Computing the mean of a list of values, x, is relatively simple. The mean is the sum of the values divided by the number of values in the list. Here’s the formal definition of the mean, $\mu$ , of a list of values, $x$ . There are $n$ items in the list, $x = x_0, x_1, x_2, \dots, x_{n-1}$ .

$\mu_x = \dfrac{\displaystyle\sum_{0 \leq i < n}x_i}{n}$

The definition of the $\Sigma$ mathematical operator leads us to the following method for computing the mean:

sum(self)/len(self)

This matches the mathematical definition nicely.

Standard Deviation¶

The standard deviation can be done a few ways. We’ll use the formula shown below. This computes a deviation measurement as the square of the difference between each sample and the mean.

The sum of these measurements is then divided by the number of values times the number of degrees of freedom to get a standardized deviation measurement.

Again, the formula summarizes the for statement, so we’ll show the formula followed by an overview of the code.

$\sigma_x = \sqrt{ \frac{\displaystyle\sum_{0 \leq i < n}(x_i - \mu_x)^2}{n-1} }$

The definition of the $\Sigma$ mathematical operator leads us to the following method for computing the standard deviation:

We can use a generator expression to compute the squares of the deviations from the mean. The expression (x-m)**2 for x in self is a sequence of values. The sum() function can sum this sequence.

m = mean(x)
math.sqrt(sum((x-m)**2 for x in self) / (len(self)-1))

This seems to match the mathematical definition nicely.

IntegerStatistics Design¶

class IntegerStatistics(list)¶

IntegerStatistics computes several simple descriptive statistics of int values in a list.

This extends list with some additional methods.

Constructors¶

Since this class extends the built-in list, we’ll leverage the existing constructor.

Methods¶

IntegerStatistics.mean(self) → float¶: Computes the mean of the List of values.

IntegerStatistics.stdev(self) → float¶: Computes the standard deviation of the List values.

Statistics Deliverables¶

There are three deliverables for this exercise.

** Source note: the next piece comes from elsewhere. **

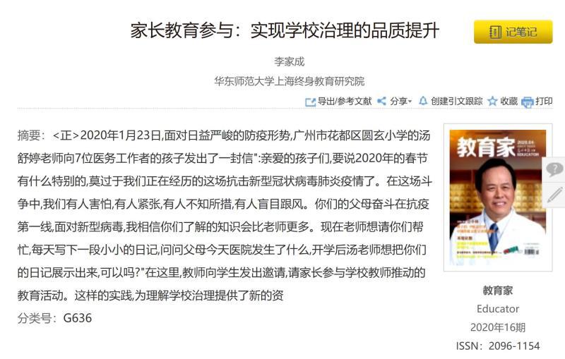 此外,李家成教授在《教育家》(2020年16期)发表《家长教育参与:实现学校治理的品质提升》一文。此文源于广州市花都区圆玄小学的汤舒婷老师向7位医务工作者的孩子发出的一封信,引发了关于“家长教育参与”与“学校治理”的思考,探讨了“家长教育参与”对于“学校治理”的必要性和重要性,启发教育工作者“自我超越”,让“家长教育参与”继续促成学校治理体系与治理能力的现代化。

These classes will include the complete Python docstring.

The IntegerStatistics class.
A unit test of the IntegerStatistics class.

Prepare some simple list (or tuple) of test data.

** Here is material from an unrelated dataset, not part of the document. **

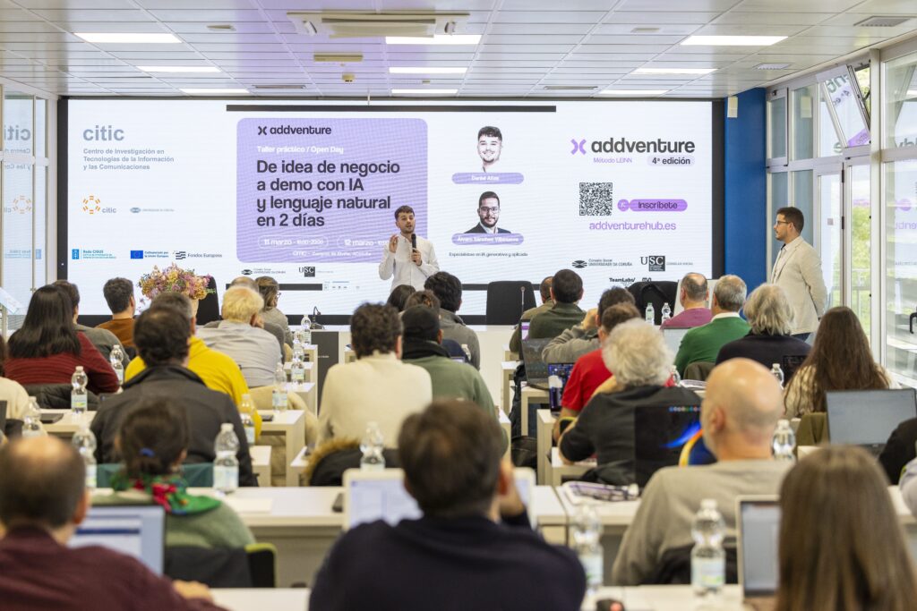 A Coruña, 12 de marzo de 2026. El programa de emprendimiento e innovación AddVenture ha celebrado en el CITIC un taller práctico intensivo centrado en uno de los retos más habituales al iniciar un proyecto emprendedor, convertir una idea en algo visible, enseñable y útil para empezar a validarlo. Durante dos jornadas, las 40 personas participantes trabajaron en el desarrollo de una primera demo de sus propuestas con ayuda de inteligencia artificial y lenguaje natural, sin necesidad de conocimientos previos de programación.

The results can be checked with a spreadsheet
An update to the overall Simulator instance to use an IntegerStatistics object to compute the mean and standard deviation of the peak stake. It also computes the mean and standard deviation of the length of each session of play.

Here is some standard deviation unit test data.

Sample Value
10
8
13
9
11
14
6
4
12
7
5

Here are some intermediate results and the correct answers given to 6 significant digits. Your answers should be the same to the precision shown.

sum: 99
count: 11
mean: 9.0
sum (x-m)**2: 110.0
stdev: 3.317

Looking Forward¶

The key feature of this simulator is introducing different kinds of betting strategies. Let’s look at a player that bets at random. It’s important to compare random betting against the persistent better of the Passenger57 class. The house edge is the same and the performance of the two strategies should be very similar.